If you've ever felt overwhelmed by how complicated it seems to install and run models (LLM) on your computer, you're not alone. Many developers, students, or AI enthusiasts face the same difficulties: complex technical configurations, failing dependencies, and the need for expensive hardware. All of this makes running a model on your own computer seem like an impossible mission.
What if you could have a language model (LLM) responding from your terminal in less than 10 minutes, without weird configurations or complex code? You could create prototypes, train your skills, or develop an AI-based app without depending on the cloud or paying for external servers. All running on your own machine, even if you don't have a top-of-the-line GPU.
What is Docker Model Runner?
Docker has launched a new feature called Model Runner, available since Docker Desktop 4.40, that completely simplifies the process of running LLM models locally. You no longer need to know how to install Python, configure virtual environments, or manually download models. Docker takes care of everything.
You can easily install hundreds of models from Docker Hub. You can interact with them from the terminal, as if you were talking to ChatGPT, but without your conversation leaving your device, thus enhancing privacy.
How does it work?
- Install Docker Desktop from docker.com.
- Activate Model Runner from settings: go to Settings > Features in development and check the corresponding box. Also enable "Enable host-side TCP support" with port 12434.
- Restart Docker.
That's all for setting up the environment. Now, open a terminal and type:
docker model pull ai/llama3.2:3B-Q4_K_M
You now have the model downloaded.
To interact with it:
docker model run ai/llama3.2:3B-Q4_K_M "What is Docker?"

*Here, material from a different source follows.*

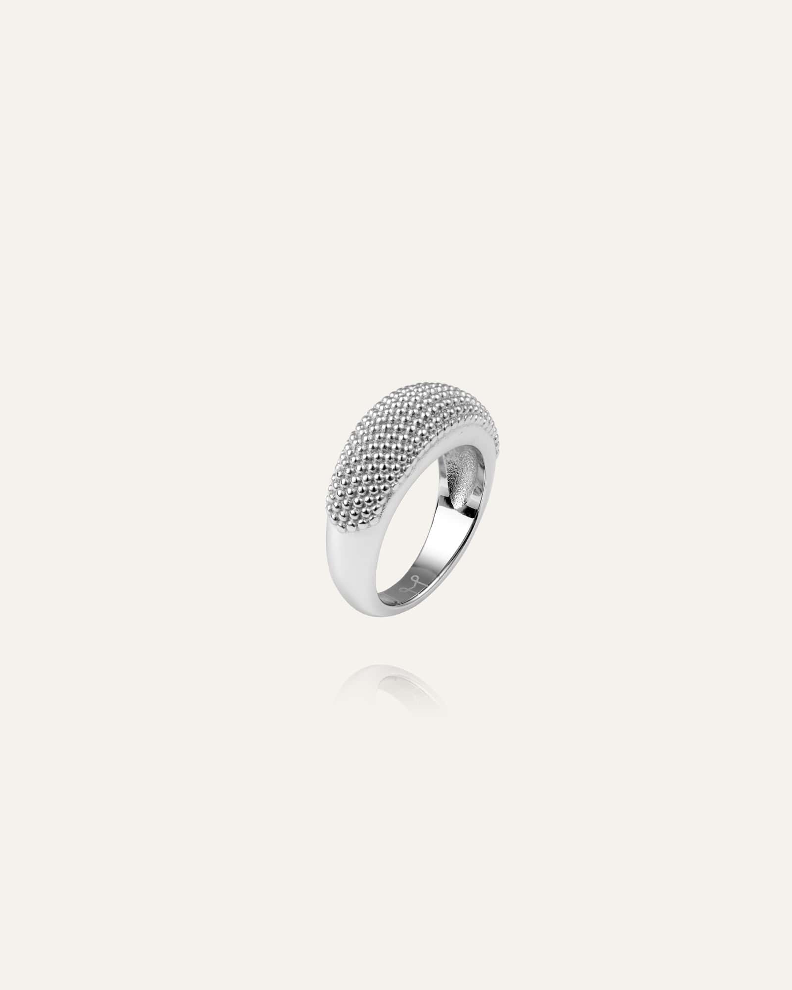 Honey Ring – een afgerond ontwerp met een gestructureerd patroon. Gemaakt van massief roestvrij staal met een PVD-coating – duurzaam en waterbestendig. Draag hem elke dag – zwem, douche en sport zonder je zorgen te maken over kleurverlies.

Prefer a more fluid conversation? Just run:
docker model run ai/llama3.2:3B-Q4_K_M
How to use Docker Model Runner with LangChain
LangChain allows us to use OpenAI Chat by modifying the base_url to interact with our local model and use any LLM locally. To do this, we must ensure that the model is running in docker and we can execute the following code:
!pip install langchain_openai
from langchain_openai import ChatOpenAI
import pprint
llm = ChatOpenAI(
model="ai/llama3.2:3B-Q4_K_M",
base_url="http://127.0.0.1:12434/engines/v1",
api_key="ignored"
)
Now you have the model ready to use. We can now make calls to this LLM:
from langchain_core.messages import AIMessage
messages = [
(
"system",
"You are a helpful assistant.",
),
("human", "Generate a professional AI LLM project structure"),
]
ai_msg = llm.invoke(messages)
pprint.pp(ai_msg.content)
What do you get with all this?
The ability to test and experiment with LLM without needing to depend on external servers, pay for APIs, or study neural network architecture. In minutes, and without deep technical knowledge.
This is an easy and quick way if you want to use LLM locally for testing or have greater privacy without having to pay for it. Additionally, this brings the use of LLMs closer to more devices and beginner users.